Small coronavirus respiratory particles can remain moist and airborne for a longer time and at greater distance than scientists have thought so far. Scientists at the US Department of Energy's Pacific Northwest National Laboratory estimates that droplets encased in mucus could remain moist for up to 30 minutes and travel up to about 200 feet. "There are reports of people becoming infected with a coronavirus downwind of an infected person or in a room several minutes after an infected person has exited that room," said Leonard Pease, the corresponding author of the study.
"The idea that enveloped virions may remain well hydrated and thus fully infective at substantial distances is consistent with real-world observations. Perhaps infectious respiratory droplets persist longer than we have realised," Pease added.
The findings were published in the journal International Communications in Heat and Mass Transfer.
The team analysed the mucus that coats the respiratory droplets that people spew from their lungs. Scientists know that mucus allows many viruses to travel further than they otherwise would, enabling them to journey from one person to another.
Conventional wisdom has been that very small, aerosolised droplets of just a few microns, like those produced in the lungs, dry out in air almost instantly, becoming harmless.

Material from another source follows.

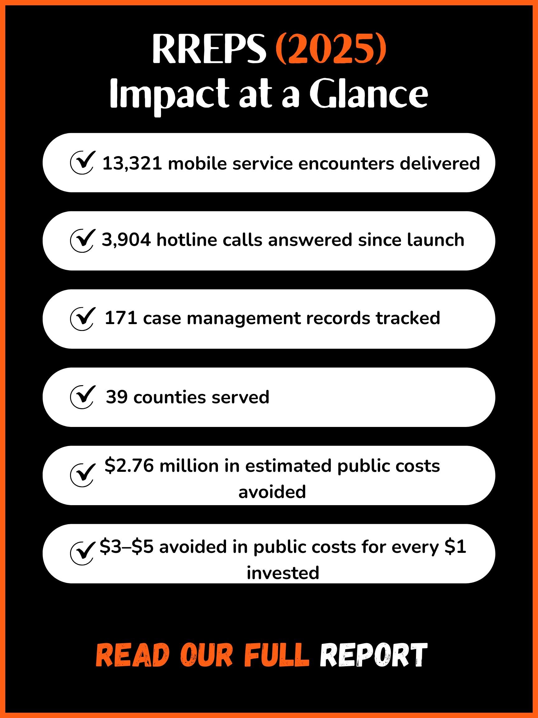 RREPS operates as an essential statewide reentry infrastructure, bridging gaps between justice systems, healthcare, housing, employment, and community-based supports. Our work is grounded in the understanding that reentry is a process, and that consistent, early intervention prevents homelessness, relapse, and reincarceration

But the team found that mucus changes the equation.
The team found that the mucus shell that surrounds respiratory droplets likely reduces the evaporation rate, increasing the time that viral particles within the droplets are kept moist.
Since enveloped viruses like SARS-CoV-2 have a fatty coating that must be kept moist for the virus to be infectious, the slower evaporation allows viral particles to be infectious longer.
"While there have been many factors proposed as variables in how Covid spreads," said Pease, "mucus remains largely overlooked."
The focus on mucus also helped the team, in a separate study published in the journal Indoor Air, to address how the virus moves in a multiroom office building.
In the study, Chemist Carolyn Burns created artificial, respiratory-like droplets to study how the particles moved from room to room.
The scientists found that both low and high levels of filtering were effective at reducing levels of respiratory droplets in all rooms.
The team also found that increasing ventilation rapidly reduced particle levels in the source room.
But particle levels in the other connected rooms jumped immediately; levels spiked 20 to 45 minutes later with vigorous air changes increasing the spike.
Ultimately, after the initial spike, levels of droplets in all the rooms gradually dropped after three hours with filtration and after five hours without it.
The scientists noted that increased air exchange for crowded spaces may be beneficial in certain situations, like large conferences or school assemblies, but in normal work and school conditions, it may actually increase transmission rates throughout all rooms of a building.
"If you're in a downstream room and you're not the source of the virus, you probably are not better off with more ventilation," said Pease.